I don't know how well just adjusting the microcode on the CPU to limit the voltage will fix the problem. It likely will also take significant collaboration with motherboard manufacturers to limit the voltage to say 1.5v or 1.4v. Collaboration could include changing bios options for every motherboard or giving guidance for every motherboard.
From:
https://skatterbencher.com/2021/11/04/alder-lake-overclocking-whats-new/
"
Intel Alder Lake Voltage
While Alder Lake clocking resembles Tiger Lake more than Rocket Lake, in the voltage department things are not quite that similar.
Compared to Tiger Lake, Alder Lake transitions away from using FIVR for the Cores, Ring, and integrated graphics. Instead, power gates are used. However, unlike Rocket Lake some parts of the Alder Lake CPU are powered using a FIVR."

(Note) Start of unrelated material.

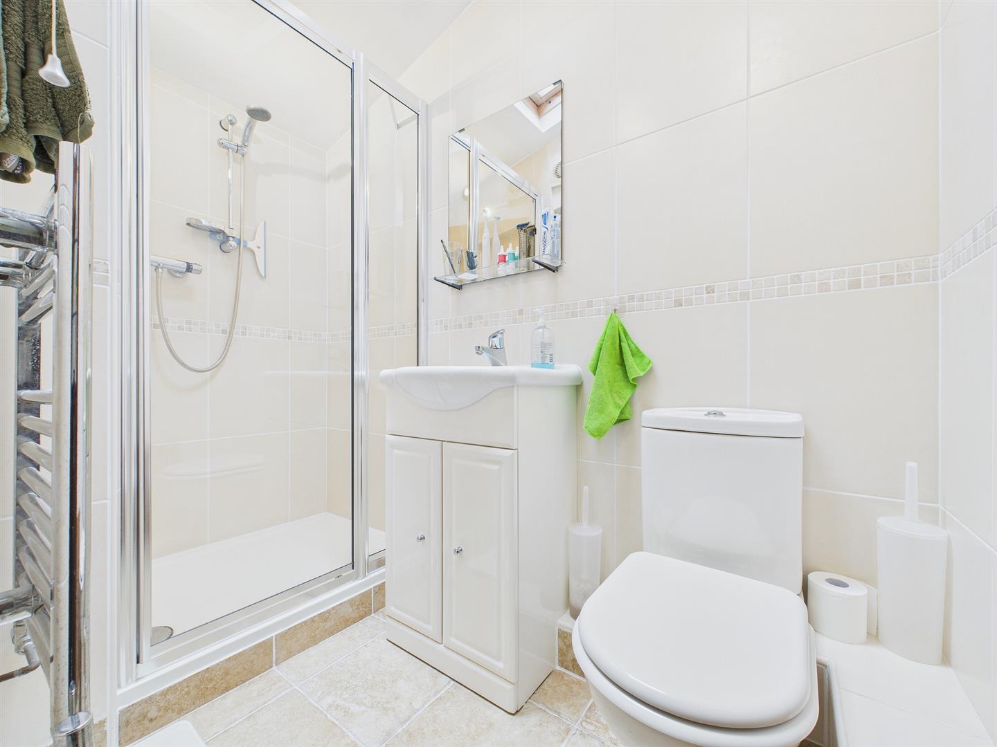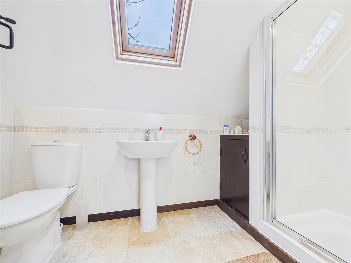 Comprising step-in shower, low-level WC and pedestal wash hand basin. Storage cupboard. Tiled walls and flooring. Velux rooflight.
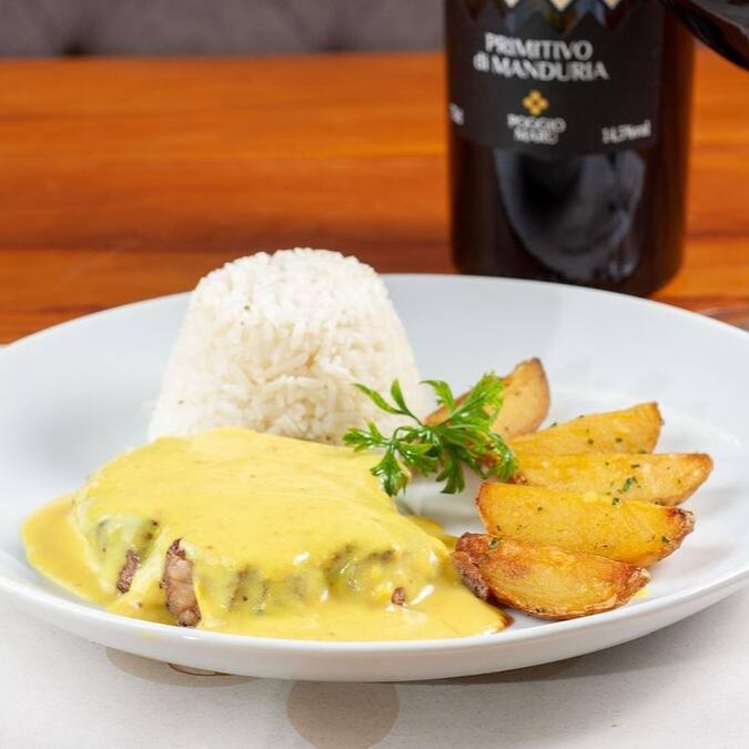 O 'Entrecote' é um prato requintado do nosso 'Menu Executivo - Prato + Sobremesa'. Desfrute de um tenro e saboroso entrecote bovino, cuidadosamente preparado e servido com um generoso molho à sua escolha: a pungência da mostarda ou a cremosidade do gorgonzola. Acompanha um arroz soltinho e perfeitamente temperado, além de deliciosas batatas rústicas, crocantes por fora e macias por dentro. Uma combinação irresistível que promete surpreender o seu paladar!

So that leaves the motherboard largely in control of what it delivers in response to the CPU's requests. LLC settings, motherboard "enhancements" with some as default, and on Asus: SVID adjustments can all change the peak voltages by over 100mv without adjusting core clocks or voltages. If anyone has messed with any of these their system may become unstable with a new microcode changing what volts are requested.
For example the low default LLC settings used as a cheap undervolt by most motherboard manufacturers (Buildzoid's explanation) are partly responsible for low thread voltage spikes as volts across the board have to be raised to ensure stability under heavily drooped all core loads, but the volts don't droop under high volt, high clock single core loads. If you lower the 1.5v spikes per the motherboard default settings by lowering everything then the all core loads may become unstable due to vdroop.

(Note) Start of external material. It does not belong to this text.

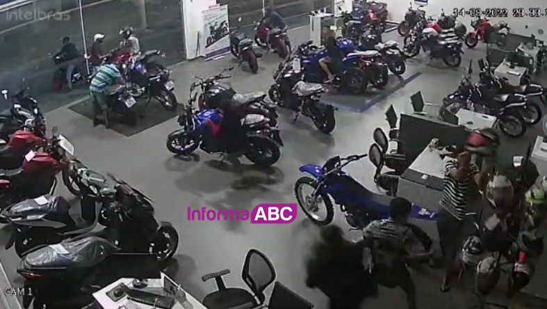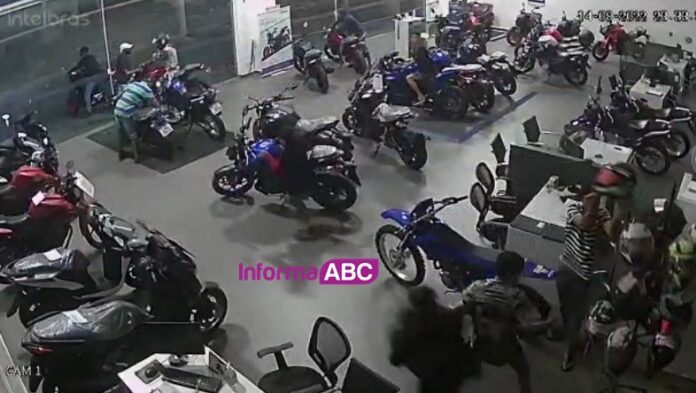 Pelo menos dez pessoas invadem a concessionária e, em poucos instantes, escolhem as motos e fogem com os veículos.
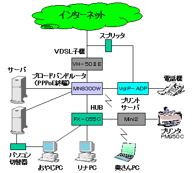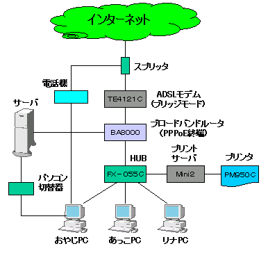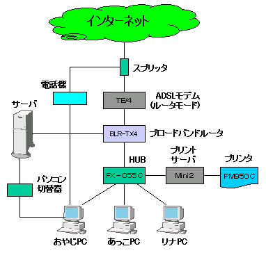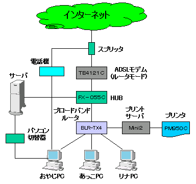 現サーバと今は姪っ子が使用しているFMV(Pentium !! 233MHz)の2台で、HUBとプリントサーバを購入してLANを構築。あっこの部屋まで薄いLANケーブルを絨毯を剥がして設置したが、ドアが閉まらないはめに。主に使用していたのは、おやじとあっこ。

Different VRM configurations inherently have different levels of droop which even makes different models from the same vendor different. Motherboard manufacturers also have different features, different dials and different tunings. In motherboard comparisons one usually just sees performance comparisons, sometimes power consumption comparisons, but I've yet to see a CPU maximum voltage spike or voltage behavior comparison. There is likely significant variances.
Seeing as how settings like this vary per motherboard it is a complicated task. Will the microcode update come with a disclaimer to re evaluate any changes from stock anyone may have done?
That is what is likely taking the extra time.
I personally do not have stability issues, have a preference for lower volts most of the time, and value the freedom to control my hardware as I see fit. I used to make my own custom bios settings for my Nvidia GPUs and the risk was worth the reward to me. Right now my bios freedoms for my 13900kf so far exceed what Maxwell or Kepler Bios Tweaker could achieve it isn't even funny. Clearly this isn't working for some people and motherboard manufacturers aren't helping matters, but I like not having some governor capping voltage or power at some red line of chip safety or longevity.
For others, many motherboard bioses have an upper volt cap that you can set while you are waiting for this microcode update. 1.4v should be safe for occasional low core uses and 1.3v should be safe for continuous all core, if you can cool that much (probably could be higher, but I'm being conservative here). You might have to undervolt, lower you vdroop with LLC, and possibly cap single core to 6 for stability with these.